Мать лежала на кровати, куда больше похожая на страшную копию самой себя, на восковую куклу, чем на живого человека. Жиденькие седые волосы были аккуратно зачесаны назад и заколоты дешевым пластиковым гребнем. Поверх одеяла лежали сухие руки.
Мне она не обрадовалась.
– Здравствуй, мама.
Равнодушный взгляд мимо. Голос стал резким, каркающим.
– Саша, ты зачем его привел?
Отец заюлил:
– Ну, как же, Наденька, он должен был прийти, все же он наш сын.
– У меня нет сына. У меня никогда не было сына. Я не знаю этого, – она брезгливо поморщилась, – и знать не хочу. У меня была дочь. А он…

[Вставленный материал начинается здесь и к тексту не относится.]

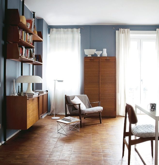 Tra le finestre, un mobile-office vintage. La pittura a parete, qui come in camera da letto, è CC 027.4 di Max Meyer, che mi è piaciuta per il bel tono azzurro un po’... polveroso.
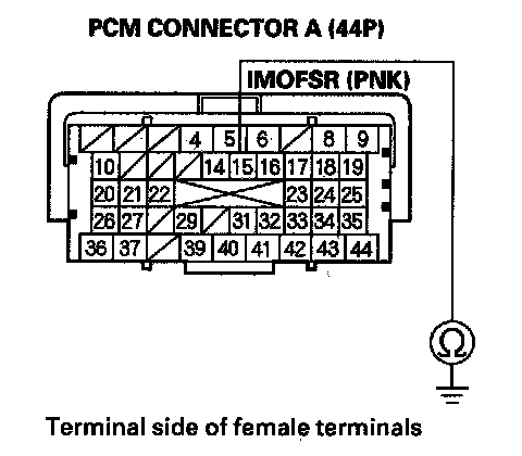 7. Check for continuity between body ground and PCM connector terminal A15.

Она замолчала, не договорив, и отвернулась. Куда уж яснее – здесь я был лишним.
– До свидания, мама.
Я вышел, свернул в кухню и уселся на табурет возле приоткрытого окна. Обычно здесь курил отец. Так не будем нарушать традицию. Сигарета сама прыгнула в пальцы.
Пока отец успокаивал мать, я успел выкурить две штуки, но легче не стало. Он пришел какой-то осунувшийся, усталый, погасший. Чиркнул спичкой, поставил на газ чайник.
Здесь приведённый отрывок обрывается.